I've been working this piece of red maple for two days now. I had another spoon roughed out. It was the same sort of design as the soup spoons you see in Japanese restaurants. But I put too much pressure on the end and accidentally snapped it in half while shaping the bowl. I'm not going to make this one as "dainty".
That little scandi is nice looking.
Thank you much. It's been a comfortable little blade to use for extended periods.
It's coming along nicely.
Started a new Kuksa cup today.
I am using Ancient Kauri wood which is about 50,000 years old from New Zealand.
It is going to be a 2 handed bowl/
Was planning for a thumb hole.. Instead I have a divet for my fingers.
A little more work today and the first coat of wood conditioner.
The conditioner has made it a lot easier to see the scratches and dings. I am going to let is dry out for a few days and go over it with a finer sand paper..
Lookin' good Dane!
This is the farthest I have gotten on a Kuksa style cup.
Normally I have issues with cracking. But I found a local business that is a big time wood importer and sells high quality USA wood. Managed to get a nice piece to start with and so far no cracking
I'm gonna try something new with this one. Butcher block conditioner and a few minutes in the oven at 350°F. Anyone have a preferred method for finishing/conditioning?
I bought the same butcher block conditioner to use on the above kuksa.
I believe it says to treat with the other “conditioner” the probably sold right next to it first. I did not use the other bottle first. I believe I read that the other bottle is supposed to “moisturize” the wood first.
When applying the one you have i noticed it seems rather “greasy” at first probably from the wax. I used a cotton cloth to almost “buff” the cup which warmed up the wax enough to soak into the wood better and wasn’t as greasy.
The cup was still a little greasy thou so I have been leaving it out to dry for a few days then re applying more.
One thing I did notice was I could tell when I had put on to much as it leaves a little waxy residue when dry.

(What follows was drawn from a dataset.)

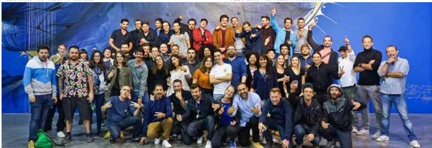
EQUIPE ARTISTIQUE & ORGANISATIONNELLE - Mister Freeze 2017

Thanks Dane, and you're right. I noticed a second bottle of oil which had a similar label to this one. When I got home and read the instructions it did recommend a 2 part process - oil first then condition. Don't tell my wife, she's quick to remind me that I don't follow directions well! It darkened the wood a bit to heat and apply the conditioner. I'll have to drag out my buffing cloths or felt wheels. That's one thing I've not done yet. Thanks again partner!